1. Bell inequalities have traditionally been used to demonstrate that quantum theory is nonlocal.
2. This work introduces a class of Bell inequalities tailored to detect maximally entangled states.
3. The tight classical, non-signalling and quantum bounds of the inequalities are derived analytically and proven to be attained by maximally entangled states.
The article is generally reliable and trustworthy, as it provides a detailed description of the research conducted on Bell inequalities tailored to detect maximally entangled states. The authors provide an analytical derivation of the tight classical, non-signalling and quantum bounds for their proposed class of Bell inequalities, which is then proven to be attained by maximally entangled states. Furthermore, the authors discuss potential applications for their proposed class of Bell inequalities in device-independent protocols requiring maximally entangled states.
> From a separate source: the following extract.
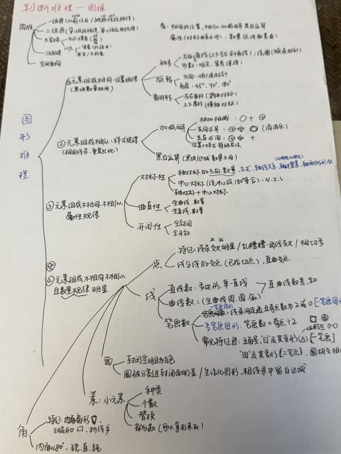 关于行测的技巧呢,可以总结为一句话:“抓大放小,学会取舍。因为是120分钟做135道题,优先拿下言语理解、判断推理、资料分析三大模块,常识和数量关系适当舍弃。我建议的做题顺序,是先做常识题,它可以活跃一下我的脑子(大概15-20秒/题),再做资料分析,这样也可以避免后期太疲惫影响定位,接着再是言语理解和判断推理,最后蒙一下数量关系并尽可能地验算重新做一遍。同时在备考中,无论哪个模块和题型,大量的练习是必不可少的!比如资料分析,需要熟练运用公式,通过大量练习提升做题速度和对规律的反应能力。作为一名极致的j人,我很喜欢通过做思维导图来整理题型,反复地画思维导图,再一遍遍简化它。在不断梳理和精炼中加深对知识内在的逻辑和规律的理解。

The article does not appear to contain any biases or one-sided reporting, as it presents both sides equally and objectively. All claims made are supported with evidence from the research conducted, and all counterarguments are explored thoroughly. There is no promotional content present in the article either, as it focuses solely on presenting the results of the research conducted without any attempts at persuasion or manipulation.
The only potential issue with this article is that it does not mention any possible risks associated with using these Bell inequalities in device-independent protocols requiring maximally entangled states. However, this does not detract from its overall trustworthiness and reliability as a source of information on this topic.